Retailers remain hopeful for a last-minute burst of Christmas consumerism, and some governments are encouraging it by allowing stores to open on Sunday. But with economies across the region slowing and unemployment soaring, analysts say holiday spending in Europe is bound to disappoint for the fourth year in a row.
In Rome, some shopkeepers say holiday sales are down 20 percent from last year. In Paris, refurbished second-hand toys are attracting buyers. And in Spain, which has Europe's highest unemployment rate, some families are contemplating whether to give gifts at all.
As in the U.S., holiday shopping is vital to many businesses: British non-food retailers can make up to 50 percent of their profits in the end-of-year push. In Germany, holiday business accounts for 30 percent of annual toy sales.

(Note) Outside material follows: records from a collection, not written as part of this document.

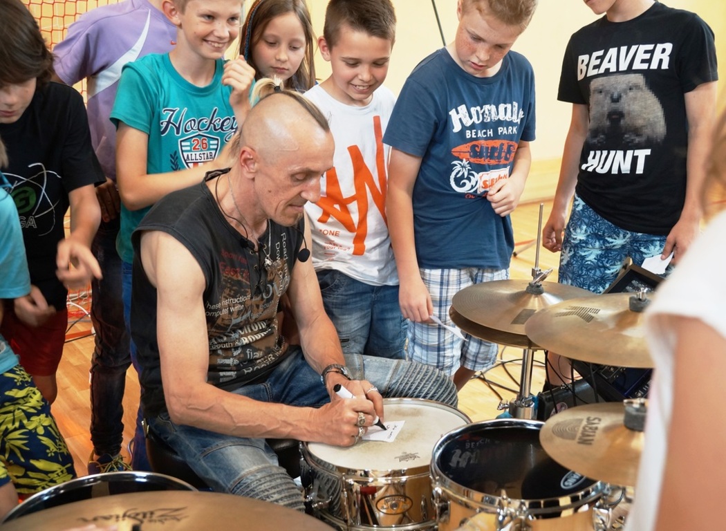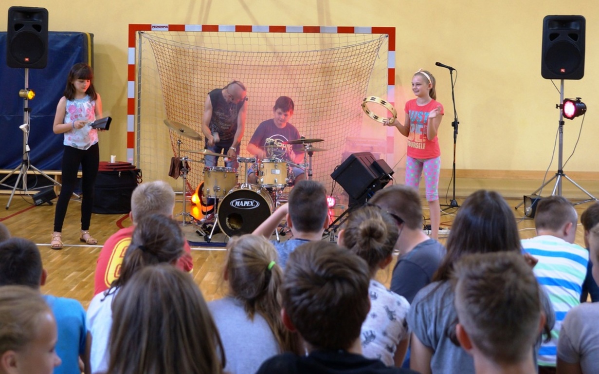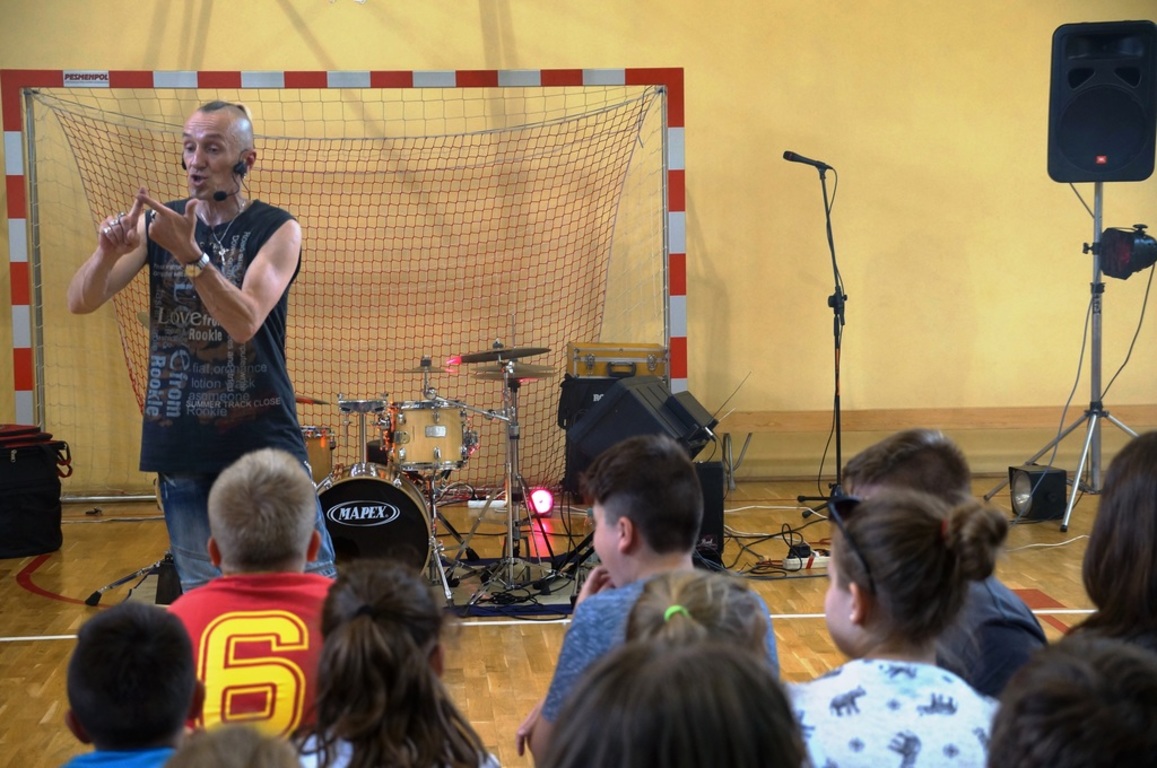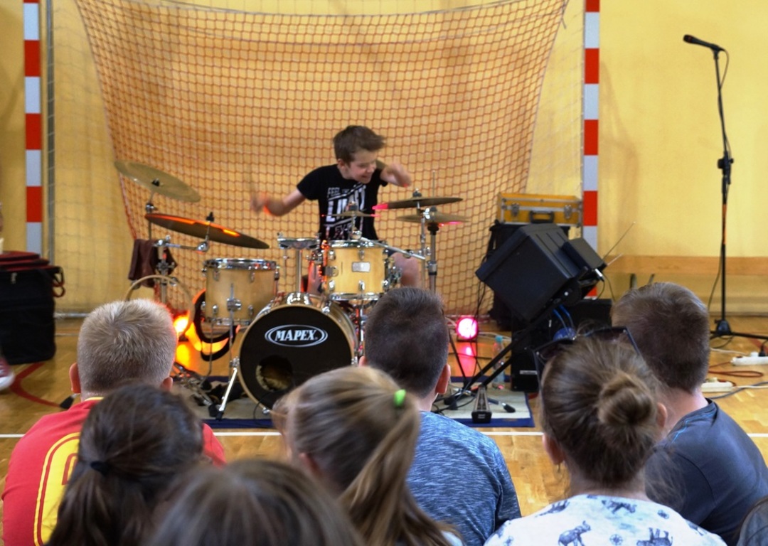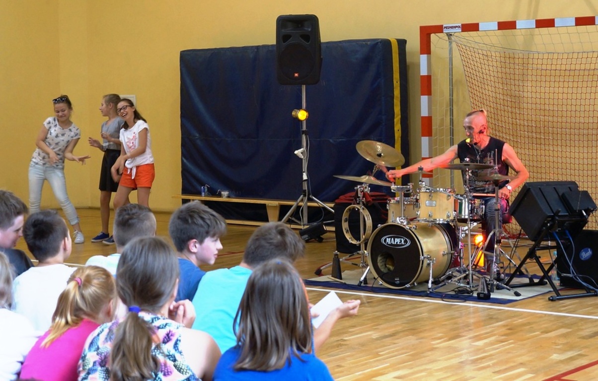 W dniu 31 maja gościł w naszej szkole muzyk Wiesław ,,Blacha” Błażkiewicz. W koncercie profilaktycznym w wykonaniu perkusisty znanego z polskich zespołów rockowych uczestniczyli uczniowie z klas IV-VI.
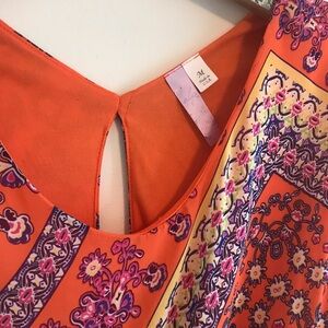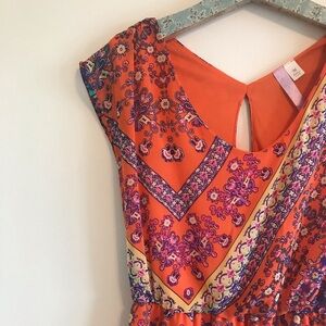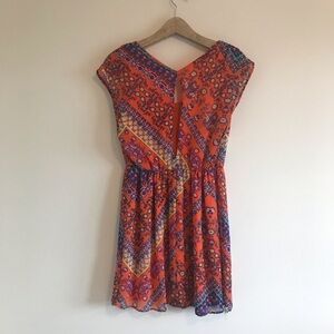 Features: Orange boho floral print mini dress, cinched waist, key hole back.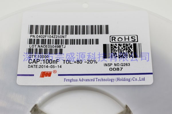 風華陶瓷電容 0402 25V 0.1UF 0402F104Z250NT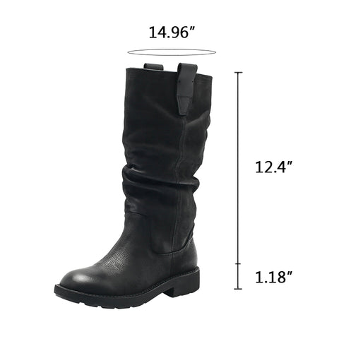 Dwarves Designer Full Grain Leather Knee High Boots Fold Design Riding Boots in Black/Brown/Coffee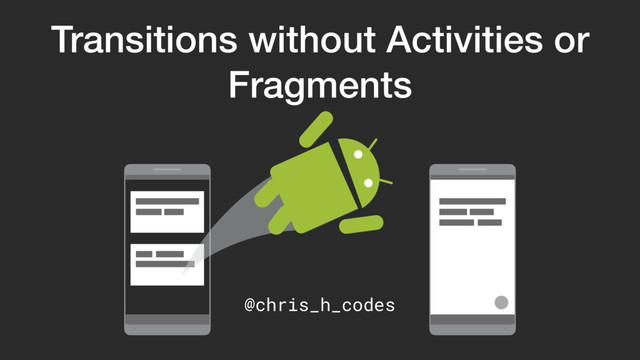 Android's Transition framework is extremely powerful, but almost all examples involve the use of Activities and Fragments. In a world where many developers are now foregoing Fragments, this talk aims to provide some solid examples and strategies on how to use Transitions without them.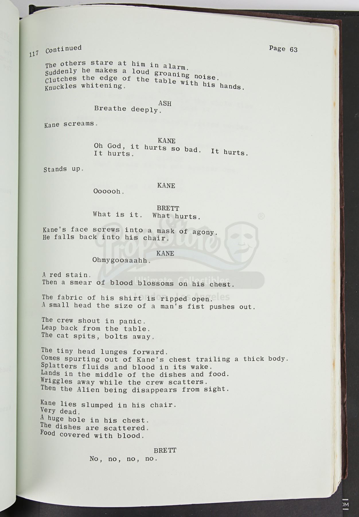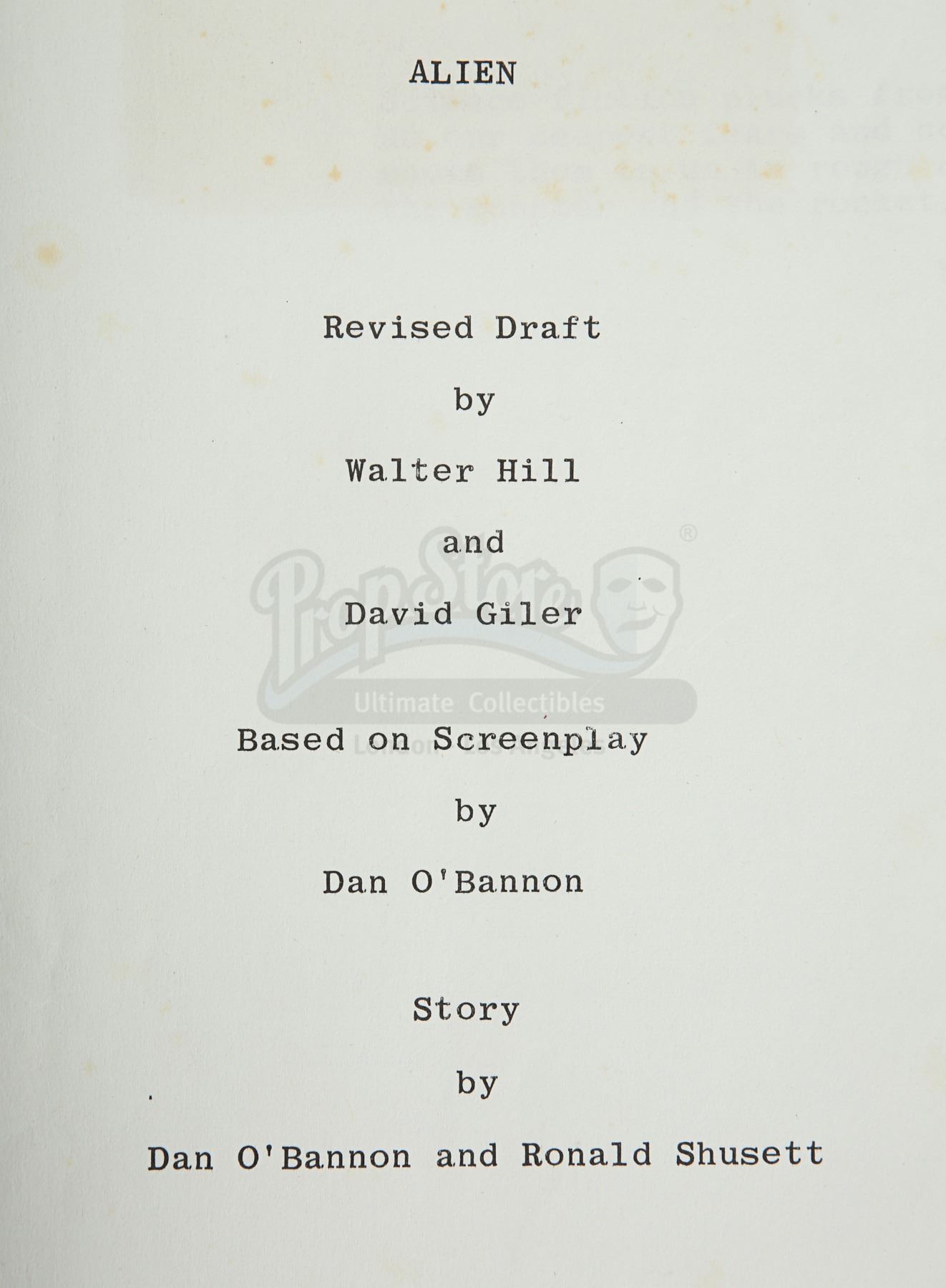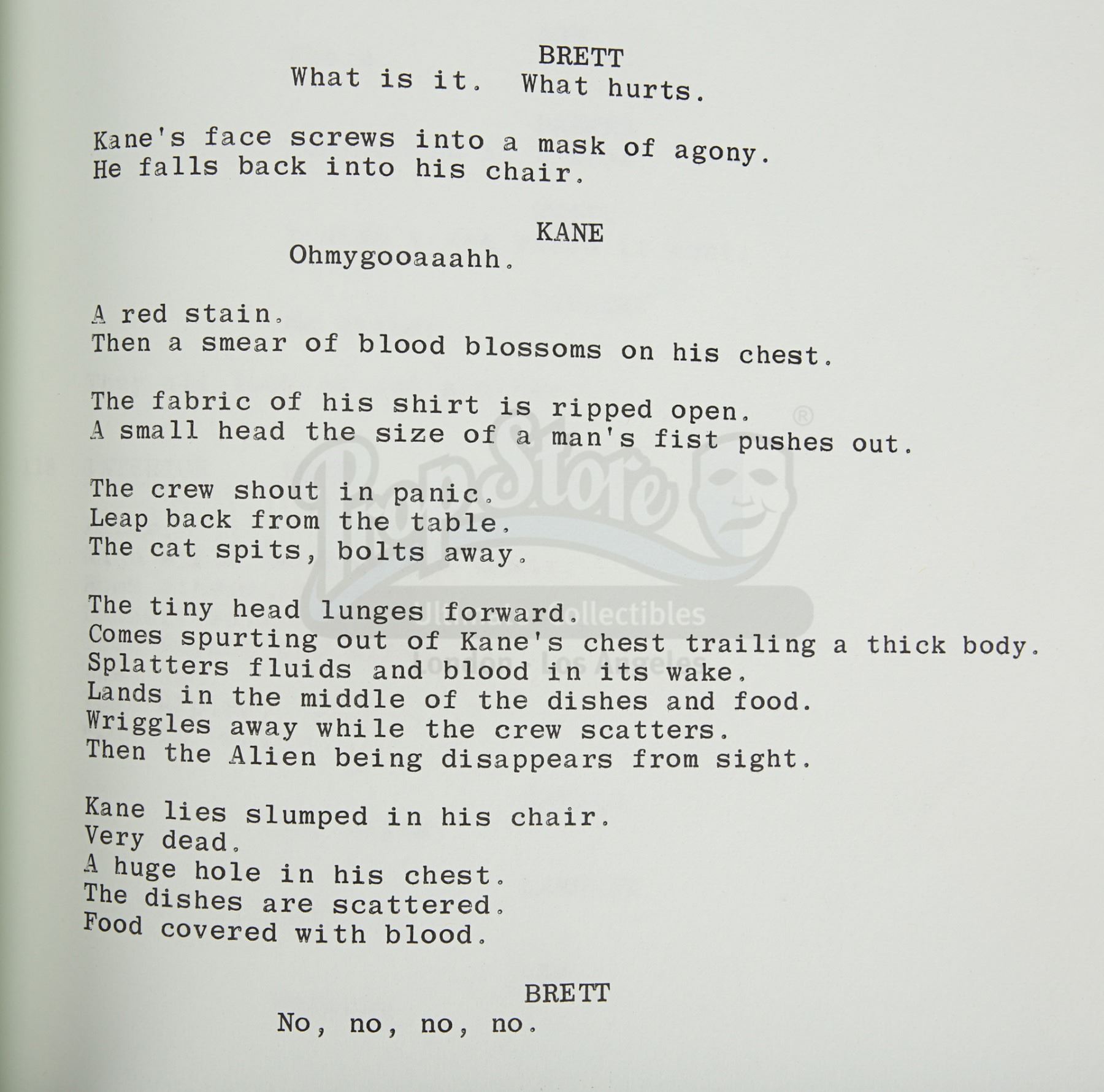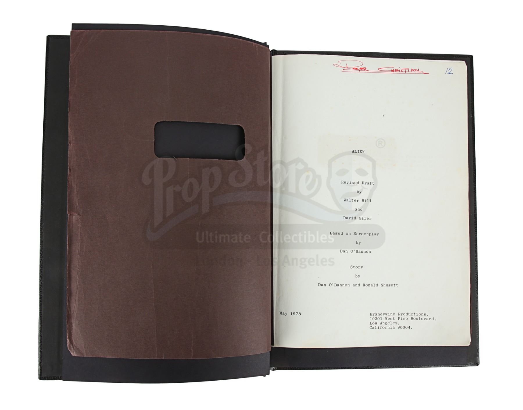Roger Christian's annotated script from the production of Ridley Scott's sci-fi horror Alien. Christian was nominated for an Academy Award for his work as art director on the film, and had recently won an Academy Award for his set decoration on Star Wars.

But the arc of the holiday shopping seasons is a little different in every country. The Dutch open presents on Dec. 5, the eve of St. Nicholas day and the last night of their "Sinterklaas" celebration. In Spain, many children tear open presents on Jan. 6, when tradition has it the Three Wise Men brought gifts to the baby Jesus. In Britain, France and most of Europe gifts are exchanged on Dec. 25.
As the 17-country eurozone slips back into recession, this festive season may mark a new normal for Europe, analysts say. Gone are the heady days when every holiday season meant a new record breached for sales. Instead, shops will have to fight it out for shoppers, hunting for bargains and quality and willing to wait for both.
"Every year it comes later," said Joachim Stoll, who co-owns Leder-Stoll OHG, a leather and luggage retailer just off the glittering Zeil pedestrian shopping quarter in Frankfurt, Germany. "People wait longer and longer, even after Christmas."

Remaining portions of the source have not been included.